En un an, nous avons dû faire face à une succession d’évènements exceptionnels – tremblement de terre suivi d’un tsunami au Japon, catastrophe nucléaire de Fukushima, inondations en Thaïlande – et aujourd’hui à des manifestations antijaponaises en Chine. Comme les autres industriels, nous en avons subis les conséquences négatives sur notre chaine logistique. Et pour ne rien arranger, un incendie, non évoqué par les médias, a détruit en décembre 2011 notre usine d’assemblage d’imprimantes photo au Vietnam, provoquant une importante rupture de stock pour ces produits. Nous nous sommes remis de tous évènements plus vite et avec moins de dégât que la plupart des autres industriels japonais. Ceci montre que nous avons une grande capacité à résister aux chocs.

Justement, Canon s’en sort mieux que Sony, Panasonic ou Sharp. Quelle est sa recette ?
Nous avons la chance d’avoir une activité bien équilibrée géographiquement, avec un tiers en Asie, un tiers en Europe et un tiers en Amérique du Nord. Nous avons également un outil industriel relativement bien réparti dans le monde, avec notamment deux usines en Europe, l’une à Essen, en Allemagne, et l’autre à Vitré, en Bretagne. Ceci atténue les effets de réévaluation du Yen même si nous en subissons aussi les conséquences. Nous avons aussi un modèle industriel unique au Japon qui combine les bienfaits du modèle japonais (stratégie à long terme, priorité de la qualité…) et les avantages du modèle de gestion américain basé sur la recherche de profit. Ce modèle a fait ses preuves depuis 10 ans. Dès qu’une activité ne produit pas de résultat, elle est arrêtée à temps avant qu’elle ne devienne une source chronique de pertes. C’est ainsi que le groupe a abandonné l’informatique ou les écrans plats. Enfin Canon reste une entreprise fortement tournée vers l’innovation. Nous sommes ainsi le troisième plus grand déposant de brevets en 2011, derrière IBM et Samsung.

Canon semble avoir enterré son projet d’entrer sur le marché des téléviseurs. Pourquoi ?
Il y a quelques années, Canon a envisagé d’entrer sur le marché de la télévision, avec des écrans plats à technologie SED. Le projet est définitivement enterré. Regarder le marché des téléviseurs : qui gagne de l’argent aujourd’hui ? Personne ou presque.

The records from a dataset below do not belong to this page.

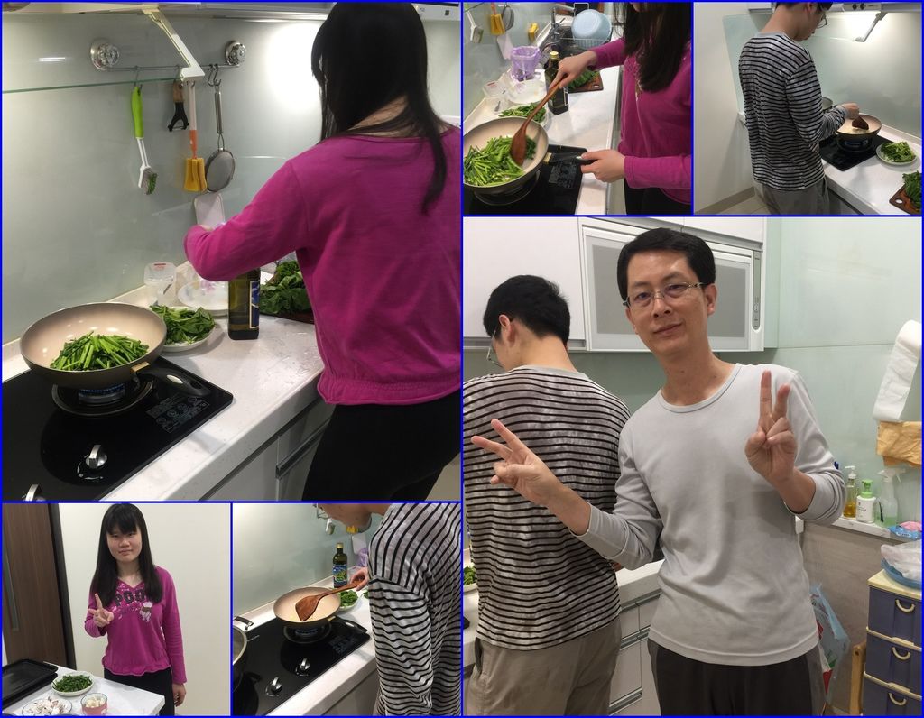 ▼在等煎雞腿排時~拍一下我兒子及女兒下廚的畫面~(這個寒假都在家,幫忙煮飯,備料、炒菜,全家人一起分工合作下廚)
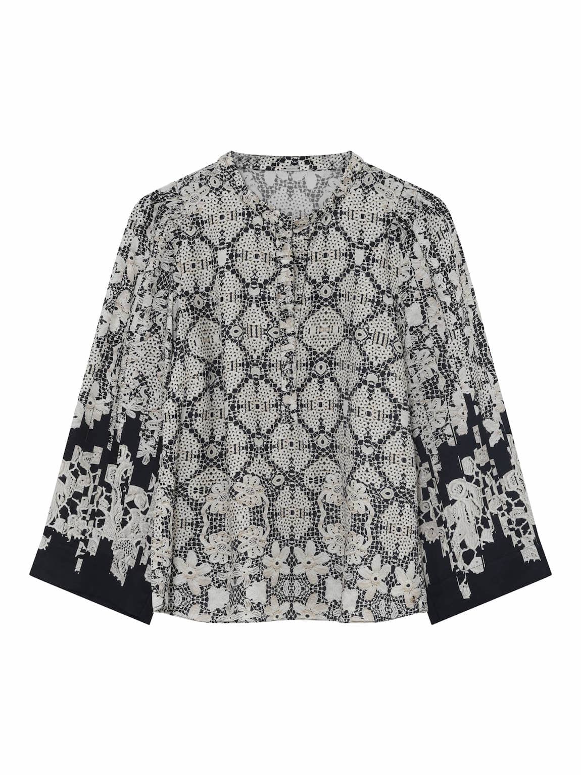 Blouse van Gustav in een all-over dessin voorzien van borduursels met lange wijde mouwen, ronde hals en een knoopsluiting.
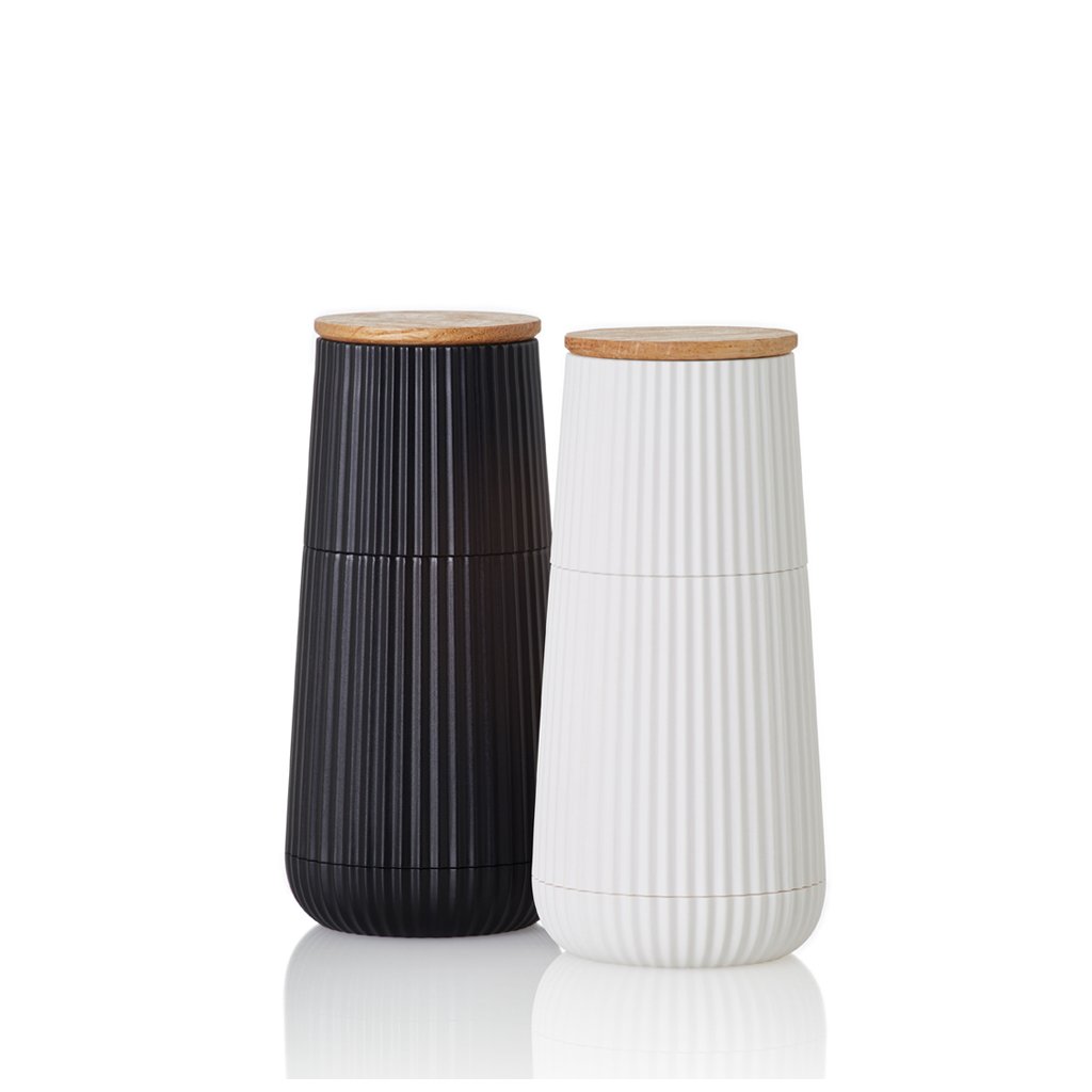 Sada originálních designových mlýnků SCAPE od německé značky AdHoc obsahuje dva mlýnky vyrobené z kvalitního plastu s dřevěnými víčky. Mlýnky lze využít na pepř a hrubozrnnou sůl, různé druhy pepře nebo jiné koření, jako je například nové koření či kmín.

Au salon Photokina, la semaine dernière, Canon a annoncé son intention d’entrer dans le cloud. Pour faire quoi ?
Nous avons présenté ce projet sous le nom de code Project 1709. Nous pensons qu’il y a un chainon manquant dans l’imagerie numérique : un service en ligne digne de nom pour gérer ses photos depuis n’importe où et n’importe quel terminal. Certes, des services de stockage en ligne des photos existent aujourd’hui. Mais nous voulons aller plus loin en proposant des fonctions avancées d’indexation, de classement et de recherche des photos. L’interface proposera une recherche par date, thème, nom et même par type d’appareil photo utilisé pour la prise de vue. Le service est actuellement en version béta. Il sera lancé au début 2013. Le modèle économique n’est pas encore défini.